X_missing.isna().mean().sort_values(ascending=False)


In [None]:
X_train_miss, X_test_miss, y_train_miss, y_test_miss = train_test_split(
    X_missing, y, test_size=0.25, random_state=RANDOM_STATE, stratify=y
)

imputers = {
    "mean": SimpleImputer(strategy="mean"),
    "median": SimpleImputer(strategy="median"),
    "most_frequent": SimpleImputer(strategy="most_frequent"),
    "knn": KNNImputer(n_neighbors=5),
}

rows = []
for name, imputer in imputers.items():
    X_train_imp = imputer.fit_transform(X_train_miss)
    X_test_imp = imputer.transform(X_test_miss)

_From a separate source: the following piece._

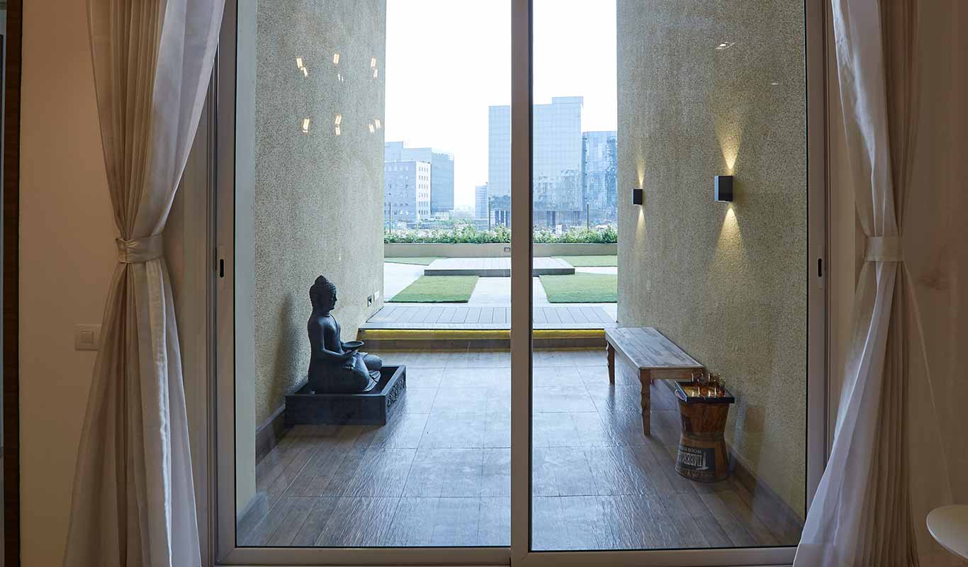Live in a bright and airy 3.5 bedroom, 4 bathroom Flats with a peaceful Garden View from the 10th floor of Gera Trinity Towers in Kharadi, Pune.

    clf = DecisionTreeClassifier(criterion="entropy", max_depth=4, random_state=RANDOM_STATE)
    clf.fit(X_train_imp, y_train_miss)
    preds = clf.predict(X_test_imp)

    rows.append(
        {
            "imputer": name,
            "accuracy": accuracy_score(y_test_miss, preds),
            "remaining_missing_train": int(np.isnan(X_train_imp).sum()),
            "remaining_missing_test": int(np.isnan(X_test_imp).sum()),
        }
    )

imputation_results = pd.DataFrame(rows).sort_values("accuracy", ascending=False)
imputation_results


In [None]:
feature = "flavanoids"
feature_idx = X.columns.get_loc(feature)

plt.figure(figsize=(10, 5))
sns.kdeplot(X[feature], label="original (no missing)", linewidth=2)

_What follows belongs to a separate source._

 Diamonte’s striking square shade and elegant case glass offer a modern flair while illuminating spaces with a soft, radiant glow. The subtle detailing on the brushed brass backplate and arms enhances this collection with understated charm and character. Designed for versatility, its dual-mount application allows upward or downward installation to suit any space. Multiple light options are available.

for name, imputer in imputers.items():
    X_imp_full = imputer.fit_transform(X_missing)
    sns.kdeplot(X_imp_full[:, feature_idx], label=f"imputed: {name}", alpha=0.85)

plt.title(f"Distribution Comparison for '{feature}'")
plt.xlabel(feature)
plt.ylabel("Density")
plt.legend()
plt.show()


## 9. Variant Tasks for 10 Students

Assign one variant to each student. Every variant includes a few tasks to complete.

### Variant 1
1. Run K-Means with `n_clusters=2`, `3`, and `4`.
2. Compare ARI values in a small table.
3. Explain which `k` works best and why.

### Variant 2
1. Keep `k=3` and test K-Means with and without `StandardScaler`.
2. Compare ARI and PCA cluster plots.
3. Write a short conclusion about scaling impact.

### Variant 3
1. Build decision trees with `max_depth=2`, `4`, and `8` using `criterion='gini'`.
2. Compare train/test accuracy in one plot.
3. Explain where overfitting starts.

### Variant 4
1. Build decision trees with `criterion='gini'` and `criterion='entropy'` at `max_depth=4`.
2. Compare confusion matrices and macro F1.
3. Decide which criterion is better on this dataset.

### Variant 5
1. Simulate missingness at `10%` and `25%`.
2. Compare `SimpleImputer(mean)` and `SimpleImputer(median)`.
3. Report which method is more stable as missingness increases.

### Variant 6
1. Simulate missingness at `15%`.
2. Compare `SimpleImputer(most_frequent)` vs `KNNImputer`.
3. Evaluate both using decision-tree test accuracy.

### Variant 7
1. After imputation, compare feature distributions for two features (not only `flavanoids`).
2. Show KDE plots for original vs imputed data.
3. Identify which feature is most sensitive to imputation choice.

### Variant 8
1. Train an entropy tree (`max_depth=4`).
2. Extract top-5 most important features.
3. Remove the top-1 feature, retrain, and compare accuracy.

### Variant 9
1. Add 5-fold cross-validation for decision trees (`gini` and `entropy`).
2. Report mean and std accuracy for each criterion.
3. Compare CV results with the single train/test split.

### Variant 10
1. Create one final comparison table with the best result from clustering, tree tuning, and imputation.
2. Select your recommended pipeline for this dataset.
3. Provide a 5-7 sentence final summary for a non-technical audience.